# Solved: embedded Youtube Video won't play in Powerpoint 2010



## JustJudy (Apr 4, 2006)

I wonder if anyone else has run into this problem? I have embedded Youtube videos that won't play in PowerPoint 2010. The video shows up as a black rectangle. If I choose preview it hangs for a very long time, then a window pops ups stating: To play the selected item you must first install the latest version of Flash player. I of course have done this. I even used their uninstall tool and reinstalled Flash. Flash is working correctly. 

The videos played as recently as a few weeks ago, so I'm not sure why suddenly they won't. I created a few new ones to test and they do the same thing. I also tried running them as an administrator and it still doesn't work.

This is happening on most of the computers in our district. Windows 7, 64 bit.

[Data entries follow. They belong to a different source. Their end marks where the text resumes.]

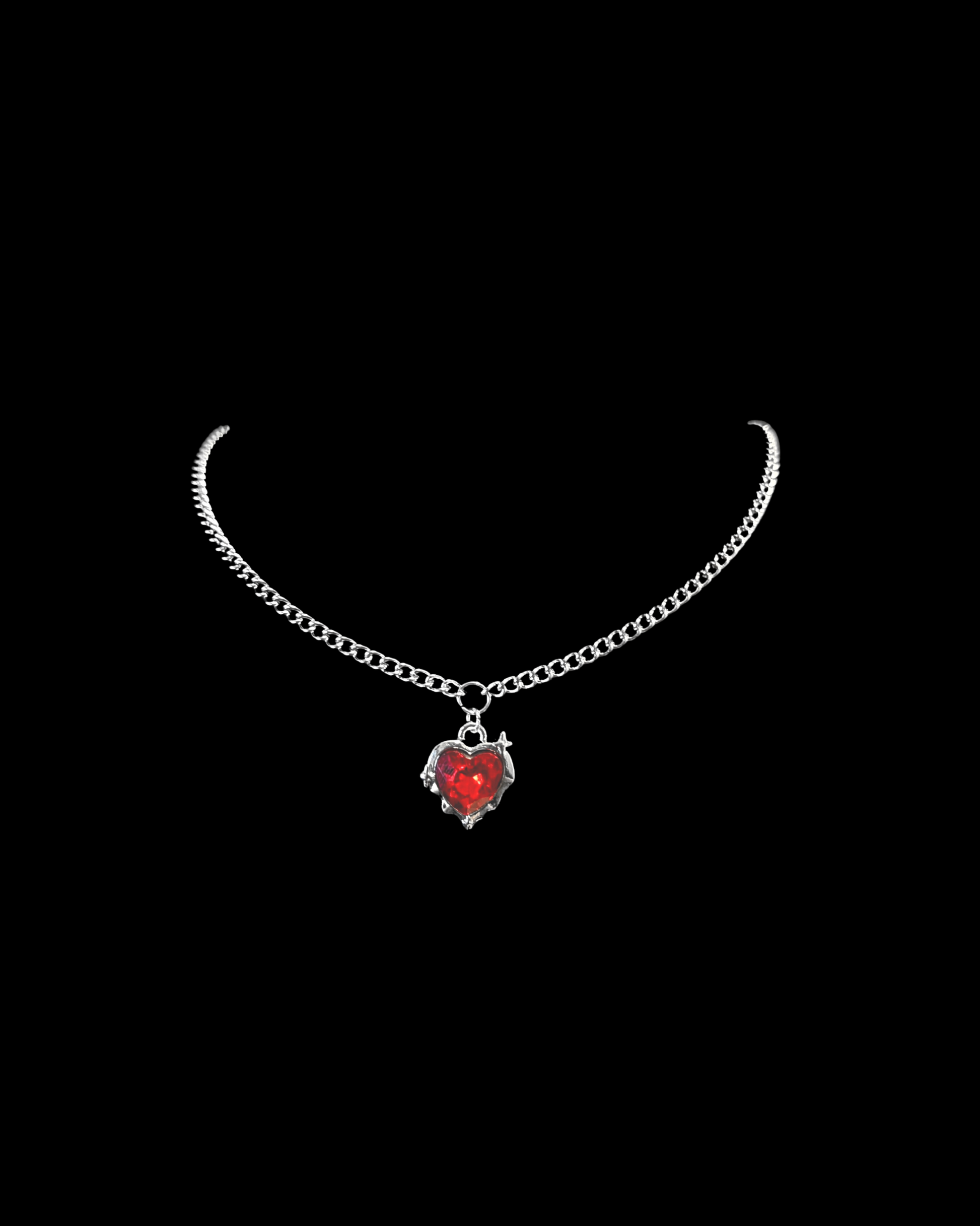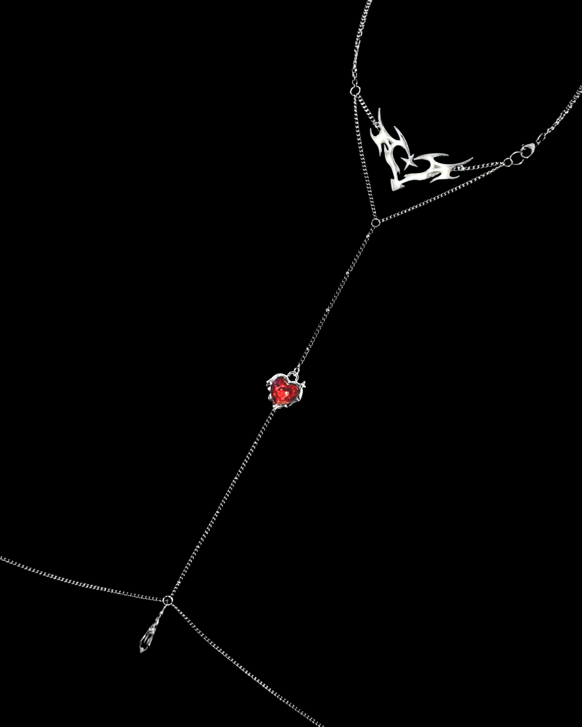 Ornate heart necklace cascading into a ruby-accented spinal flow
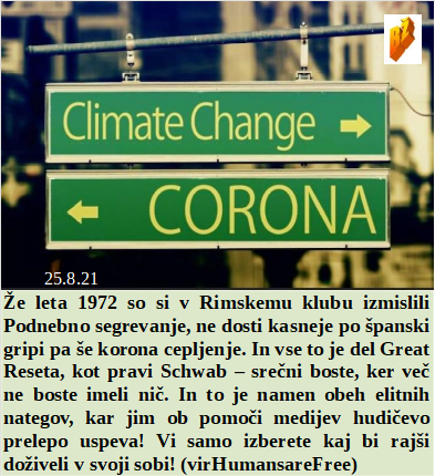 V bolnicah imamo samo necepljene bolnike, ker necepljenih sploh ne sprejemamo. Tudi naši šolniki dobivajo grožnje z odpovedmi, zato mnogi pristanejo celo na opravičila za povedano resnico. Bodo kmetje morali podpirati zasebne investicije brez kmetijskih razlogov? Schwab dobro ve, da so že leta 1972 na zasebnem srečanju dogovorili podnebni nateg.
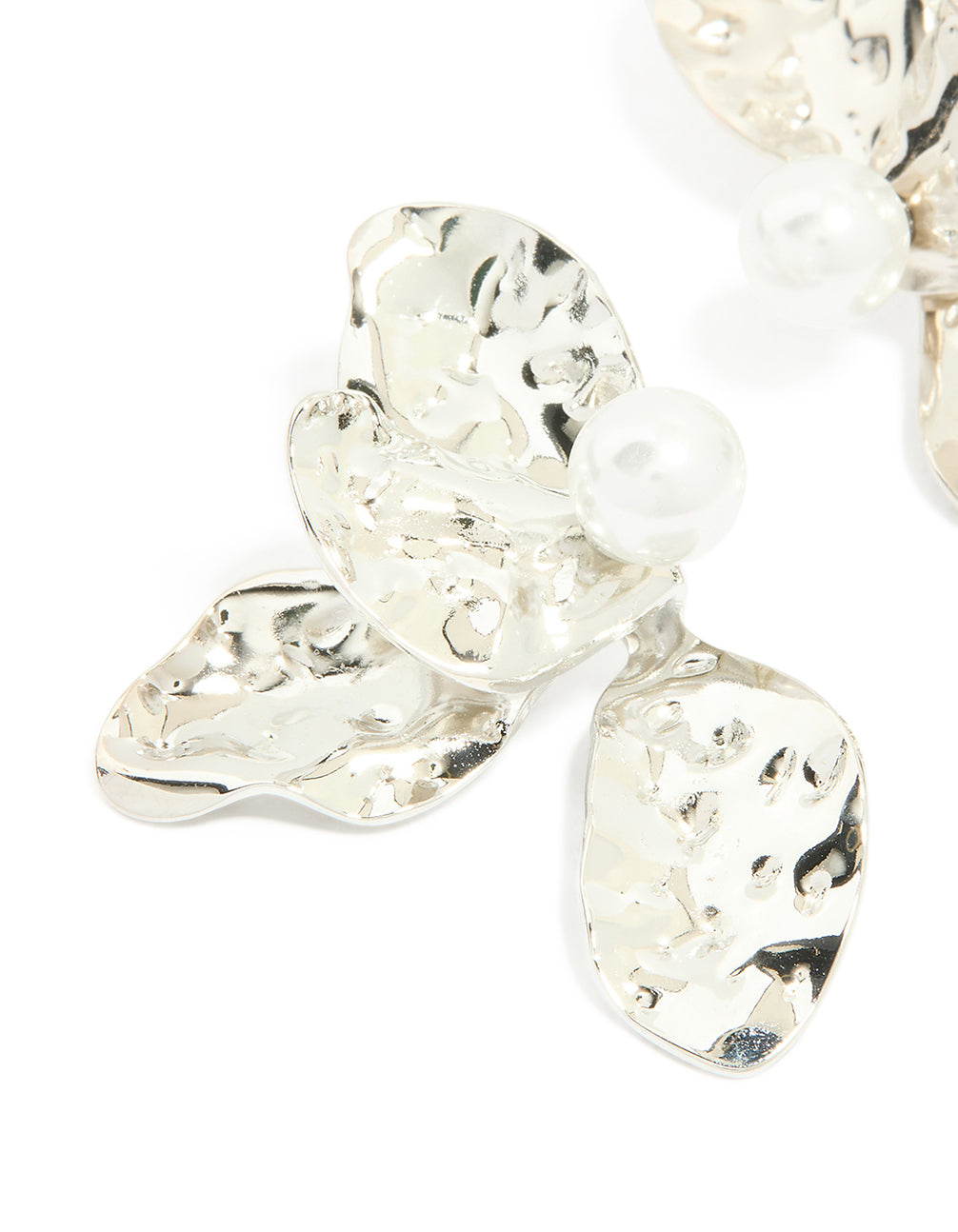 Waterproof Stainless Steel Pearl Large Flower Stud Earrings
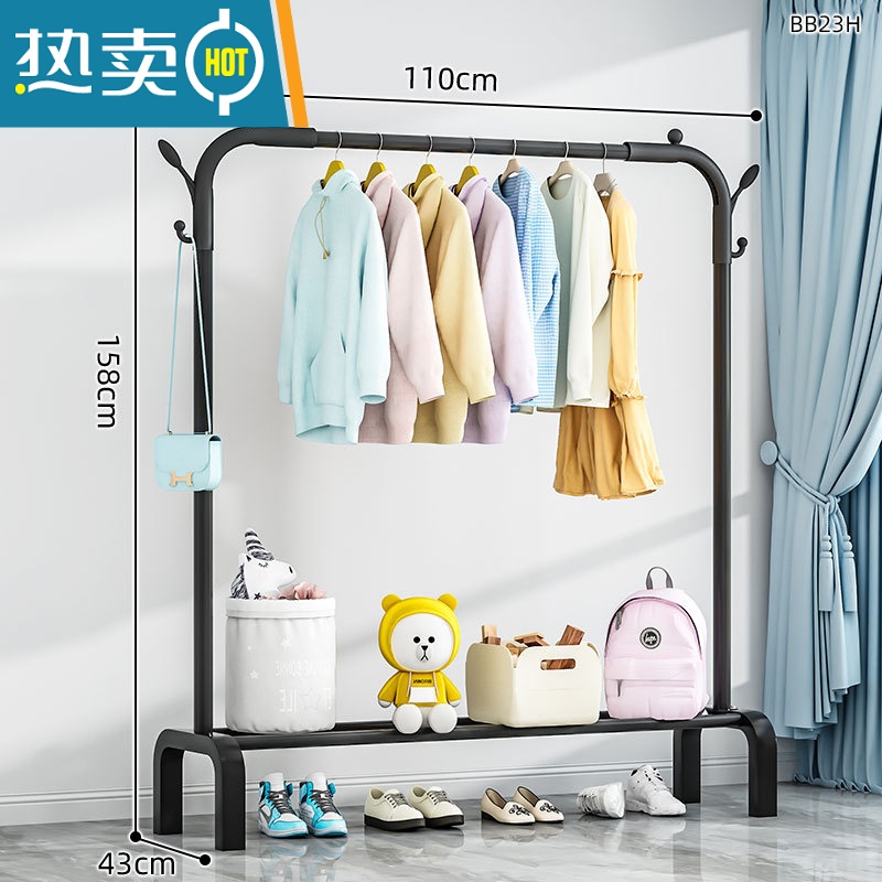 XIANCAI简易晾衣架落地折叠家用阳台晾衣服架子卧室立式晾衣杆宿舍挂衣架 110cm黑|双树杈钩 1个
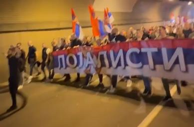 Na svenarodni skup u Beogradu "Ne damo Srbiju" stigla je velika grupa ljudi koja nosi transparent "Lojalisti".

I just can't figure out what caused the change.

Any ideas? I'm stumped.


----------



## DaveA (Nov 16, 1999)

Did embed it per the following http://www.presentermedia.com/blog/2010/04/adding-flash-to-powerpoint/


----------



## JustJudy (Apr 4, 2006)

Hi Dave,
Thanks for the quick response! 
I didn't have to do anything with the Developer's tools since we are using 2010. I just clicked Insert, video, video from website and embedded the old embed code. As I said, it was working before. Now it isn't. I feel like either Microsoft put out an update that broke this function or Youtube changed something.


----------



## JohnWilson (Nov 22, 2007)

There's an Adobe security update killing it.

We have a page showing how to get around it.

Video from Web _ wrong version of Flash


----------



## JustJudy (Apr 4, 2006)

JohnWilson,
You sir are a genius!!! That solved it!! I have been going crazy the past few days trying to figure this out.
Thank you, thank you, thank you!!  Huge hugs to you!


----------



## StirnaGun (Mar 19, 2013)

Many thanks from me too.


----------